## Exercise description
In this exercise, retype exactly and only the lines from the top of the entries below through the line that holds "CorriConversano Data: 08/03/2026", omitting pictures.

Entries taken from a collection
══════════

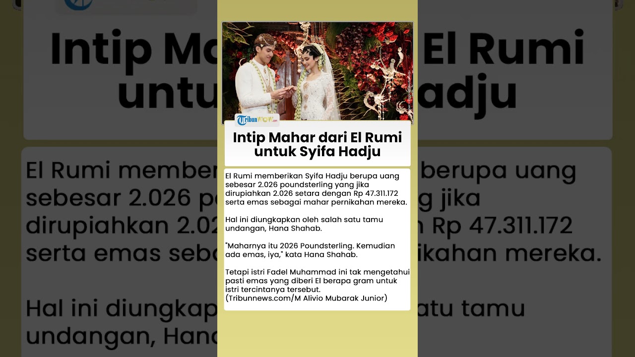 TRIBUN-VIDEO.COM - El Rumi memberikan Syifa Hadju berupa uang sebesar 2.026 poundsterling serta emas sebagai mahar pernikahan mereka.
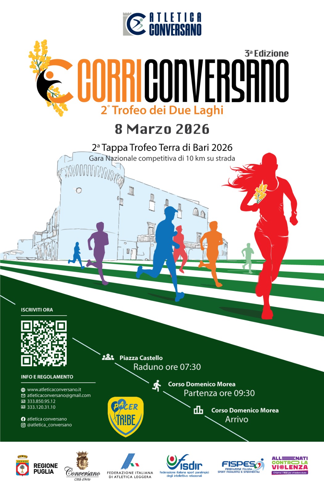 CorriConversano Data: 08/03/2026 Località: Conversano (Ba) 🏆 📌 Luogo: Puglia / Bari📏 Distanza (max): 10 km🔗 Sito: www.atleticaconversano.it📧 Email: atleticaconversano@gmail.com📞 Telefono: 333.1203110Descrizione: Competitiva e non di Km 10. Partenza ore 09:30 da Piazza Castello Volantino / Regolamento
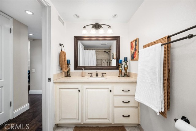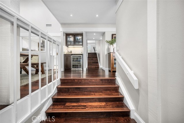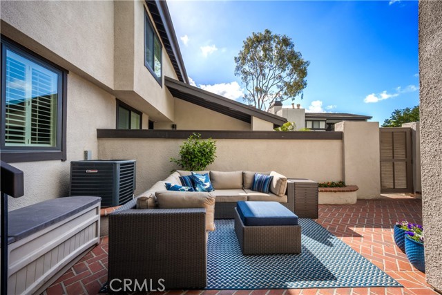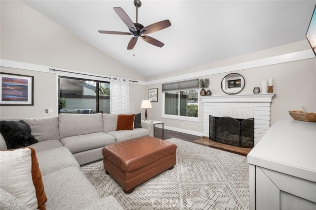 This beautifully maintained 3-bedroom, 3-bathroom tri-level home offers 2,299 sq. ft. of spacious living in a highly desirable end-unit location with an attached two-car garage featuring a newly epoxied floor. Enter through a private brick front patio into a turnkey home filled with natural light, vaulted ceilings, and an open, inviting floor plan. The living room features a cozy fireplace, while the home also includes hardwood flooring, central AC and heat, a wet bar, and abundant storage throughout. The kitchen offers a charming breakfast nook with a coffee bar, and the spacious primary suite includes an en-suite bathroom, walk-in closet, and plenty of comfort. A second en-suite bedroom provides additional flexibility for guests or family. The outdoor patio space is ideal for entertaining, and the home is conveniently located close to the community pool with easy access to major freeways, shopping, and beautiful beaches. Located within the award-winning Los Alamitos School District and within walking distance to Old Ranch Country Club, this exceptional home offers both lifestyle and location.
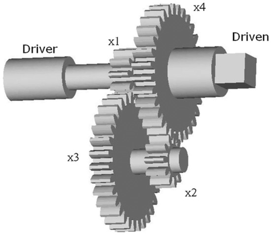 Gear train is another kind of engineering optimization issue, which have four types of variables as shown in Figure 3. This kind of engineering issue aims to reduce the teeth ratio and the scaler value of the gear. Therefore, the decision parameter consists of the number of teeth on each gear.
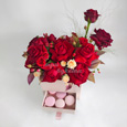 Композиция из 5 макарун и роз
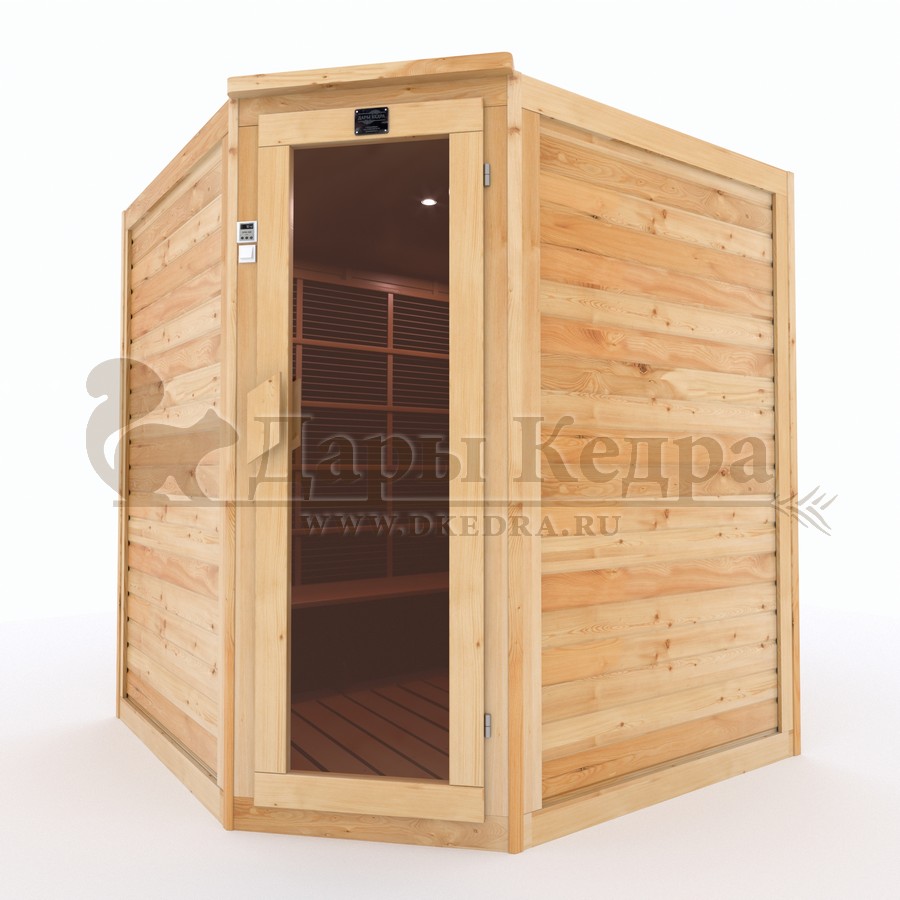Это специально оборудованная кедровая кабина для прогрева тела человека сухим теплом. Воздух в таких парных не нагревается. Инфракрасные лучи воздействуют на тело, равномерно прогревая мышцы, суставы и органы. Карбоновые излучатели, встроенные в стены кабины, обладают мягким прогревом, что полностью исключает возможность ожога. Работает кабина за счет электричества. Установка сауны в угол, позволяет рационально использовать пространство помещения. Подходит как для домашнего использования, так и для коммерции.
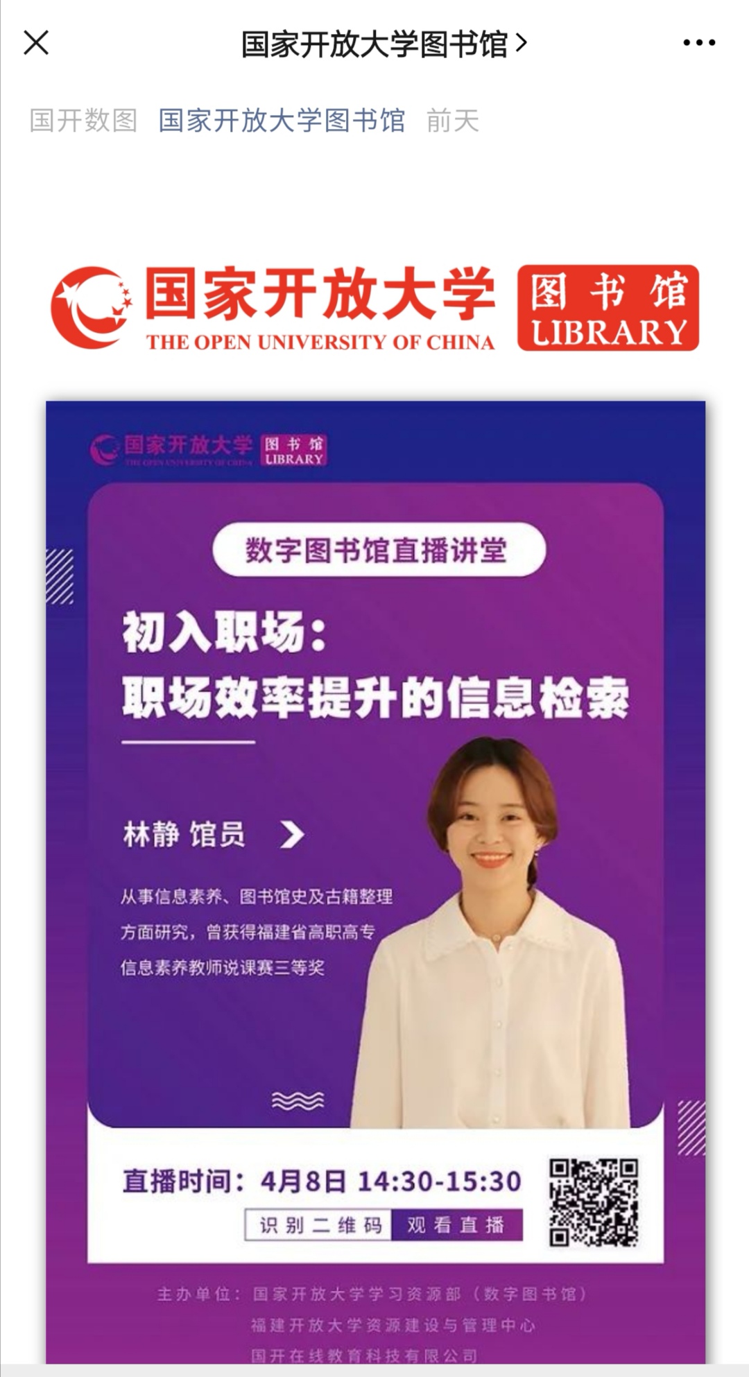 为提升图书馆资源的使用效率,促进我校与国家开放大学教育教学资源共享共建,学校图书馆不断加强与国家开放大学学习资源部(数字图书馆)的资源服务合作。本学期,学校图书馆通过“论道·启思”沙龙平台与国家开放大学图书馆 “数字图书馆直播讲堂” 联合开展系列活动。这是国家开放大学图书馆首次与分部图书馆合作开展直播讲堂活动,也是至今唯一一家分部图书馆与国家开放大学图书馆合作开展系列活动。
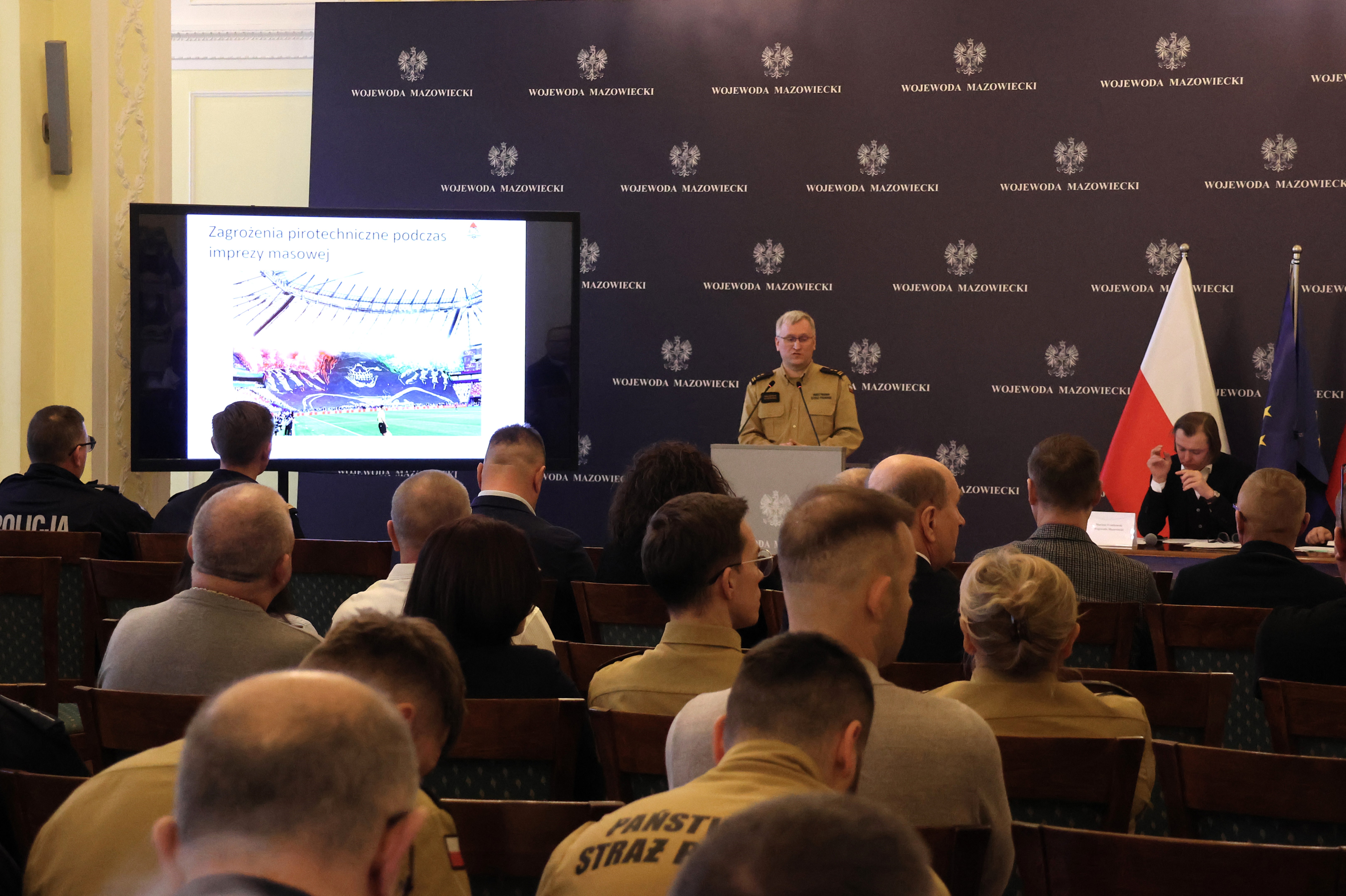 Wojewoda mazowiecki Mariusz Frankowski zaapelował o bieżącą współpracę z Wojewódzkim Centrum Zarządzania Kryzysowego. Wskazał, że współpraca między służbami a środowiskami sportowymi i organizatorami imprez jest kluczem do sukcesu, i zachęcił do stosowania dobrych praktyk – w tym organizowania odpraw przed imprezami o podwyższonym ryzyku, wymiany informacji oraz przestrzegania własnych regulaminów i planów zabezpieczenia, także w przypadku wydarzeń, które formalnie nie są zaklasyfikowane jako imprezy masowe.
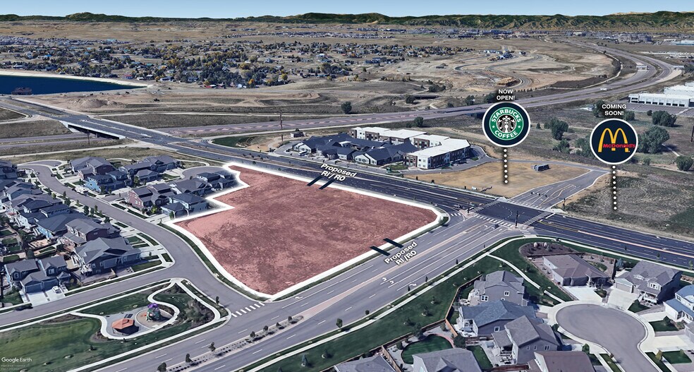 Terrain de vente au détail 2,72 AC à vendre ou à louer Emplacement de l'intersection signalisé à la sortie du chemin Chambers de la E-470 À l'entrée du développement de Cottonwood, plus de 2 000 unités domestiques Un concept national d'hôtel, de café et de restauration rapide sera bientôt disponible juste de l'autre côté de la rue L'automobile et la garderie sont des utilisations approuvées
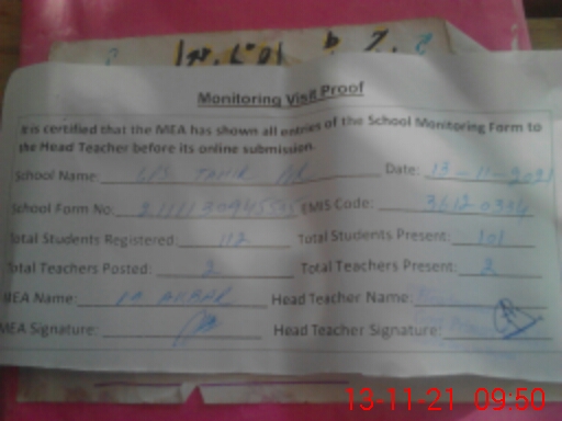 | EMIS Code: 36120334 | Name of School: GPS TAHIR PUR SHUJABAD | |||

══════════

## Task solution
 TRIBUN-VIDEO.COM - El Rumi memberikan Syifa Hadju berupa uang sebesar 2.026 poundsterling serta emas sebagai mahar pernikahan mereka.
 CorriConversano Data: 08/03/2026 Località: Conversano (Ba) 🏆 📌 Luogo: Puglia / Bari📏 Distanza (max): 10 km🔗 Sito: www.atleticaconversano.it📧 Email: atleticaconversano@gmail.com📞 Telefono: 333.1203110Descrizione: Competitiva e non di Km 10. Partenza ore 09:30 da Piazza Castello Volantino / Regolamento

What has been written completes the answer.